### YOUR INSTRUCTIONS
Exactly retype the lines from the top of the data through the line containing "Arrest de la", leaving out every picture.

### DATA SECTION
+++
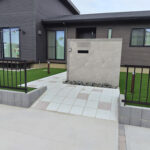 アプローチは乱張りと白・黒の平板でスッキリ/神栖市外構
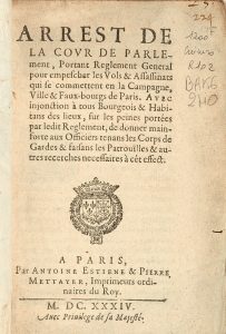Arrest de la cour de Parlement, portant reglement general pour empescher les vols & assassinats qui se commettent en la campagne, ville & faux-bourgs de Paris. Avec injonction à tous bourgeois & habitans des lieux, sur les peines portées par ledit...
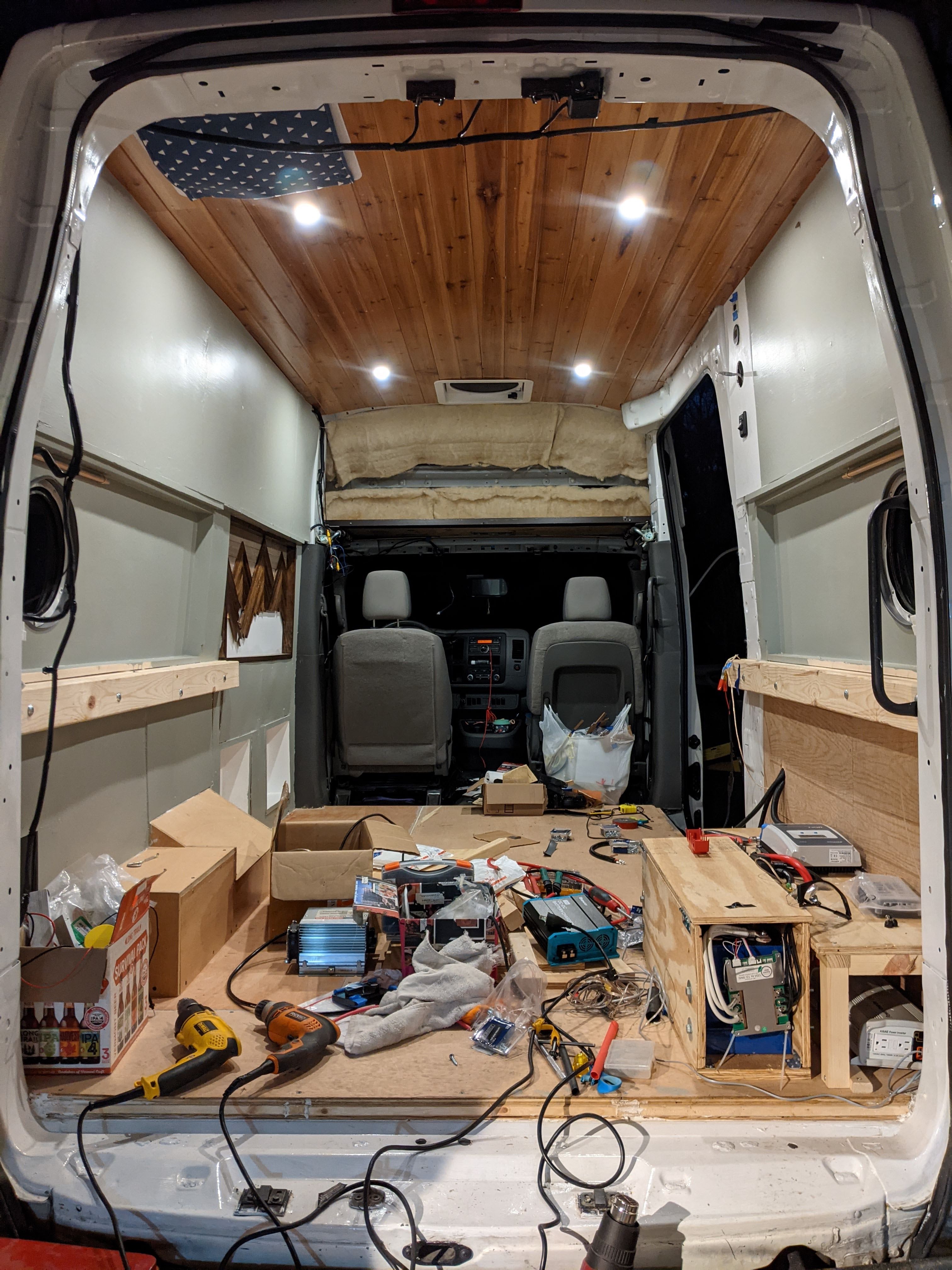 Most of the electrical stuff is under the bed on the passenger side of the van. We initially had it under the bench on that side, but decided instead to leave that space open for things we’ll need more regular access to. There’s a monitor on the wall above that bench, plus we can both monitor the battery management system from our phones, so hopefully there’s no need to go physically messing around with all of it.
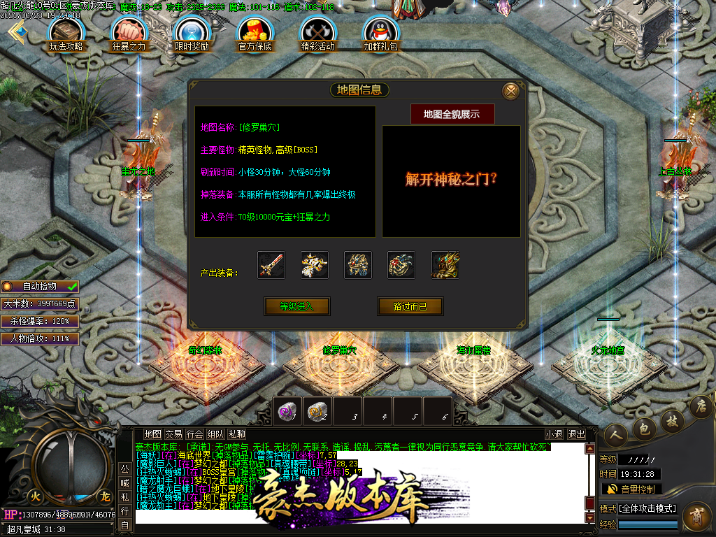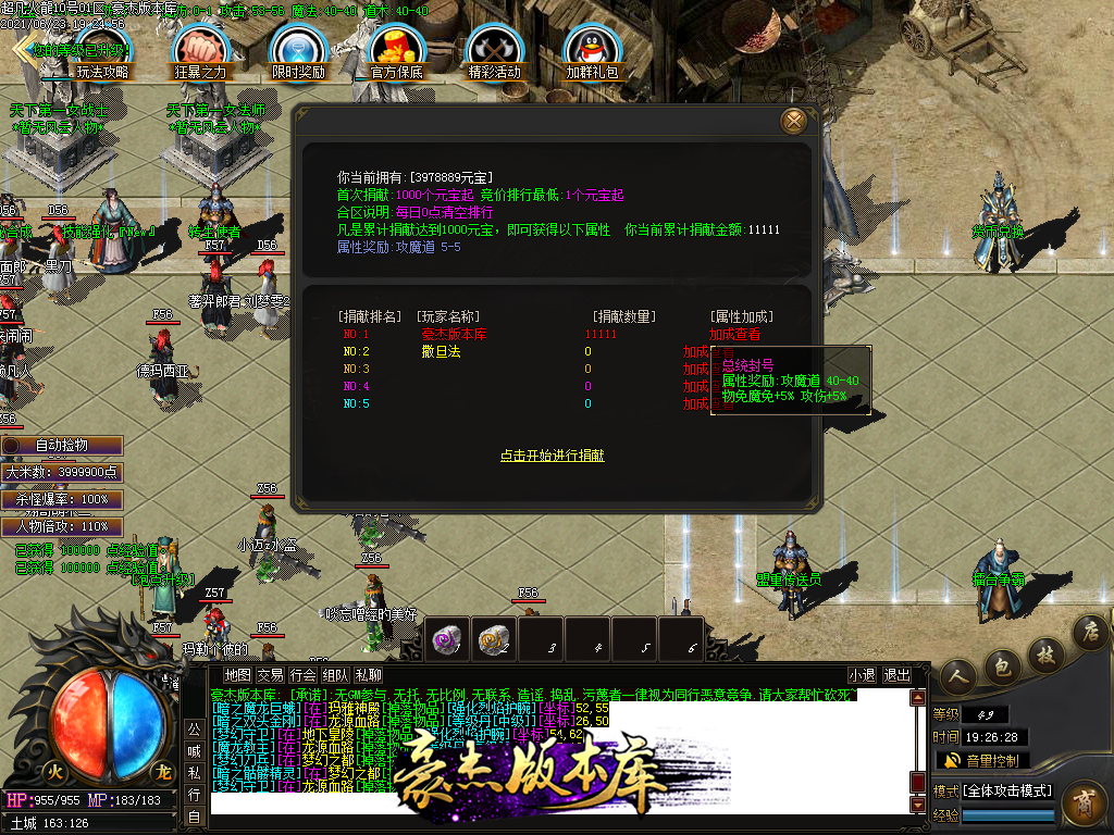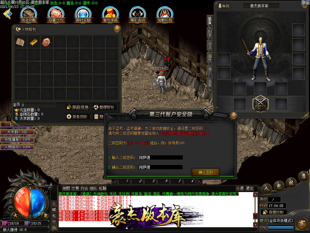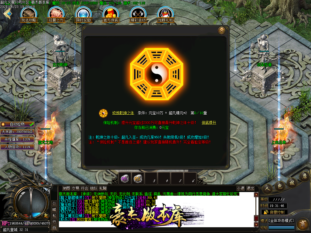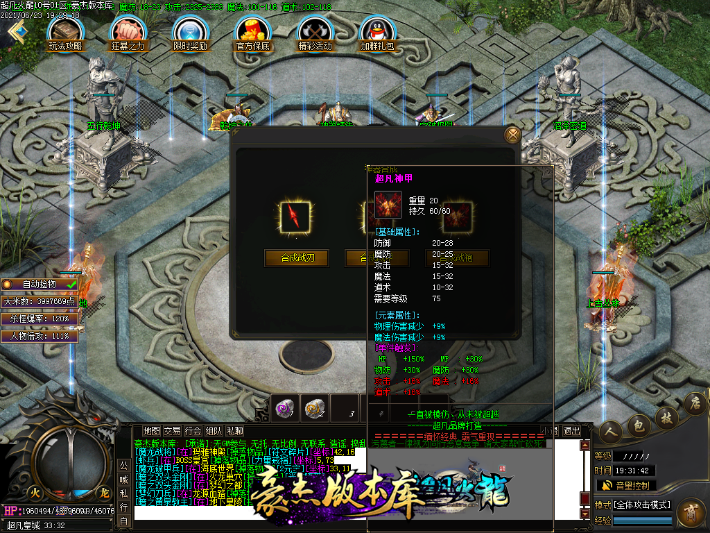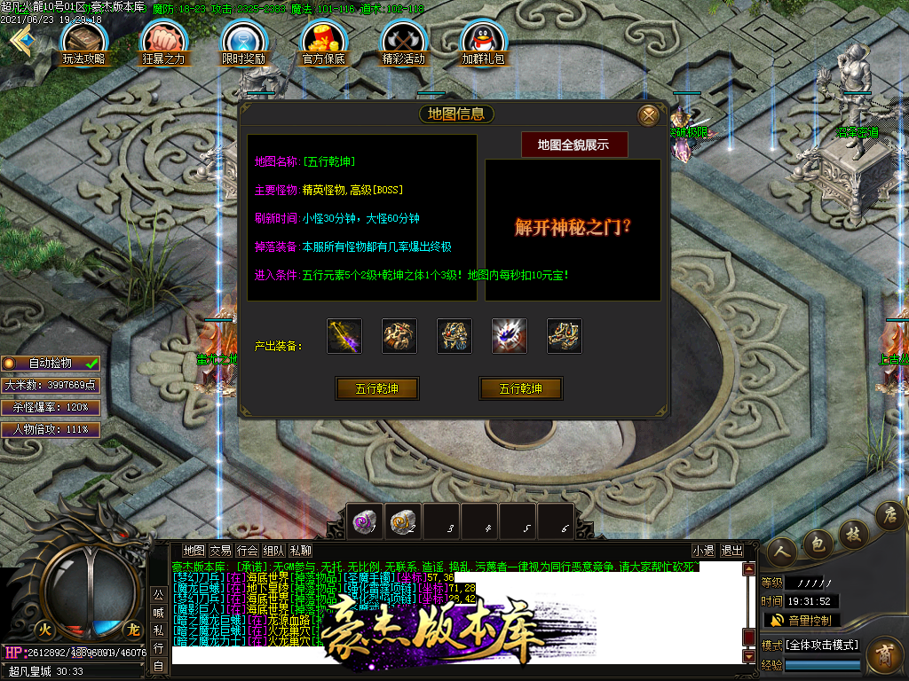 付费购买-独家超凡复古火龙打金三职业传奇版本_带假人_PG插件_光柱_自动回收_沙城捐献
+++
### EXERCISE RESPONSE
 アプローチは乱張りと白・黒の平板でスッキリ/神栖市外構
Arrest de la cour de Parlement, portant reglement general pour empescher les vols & assassinats qui se commettent en la campagne, ville & faux-bourgs de Paris. Avec injonction à tous bourgeois & habitans des lieux, sur les peines portées par ledit...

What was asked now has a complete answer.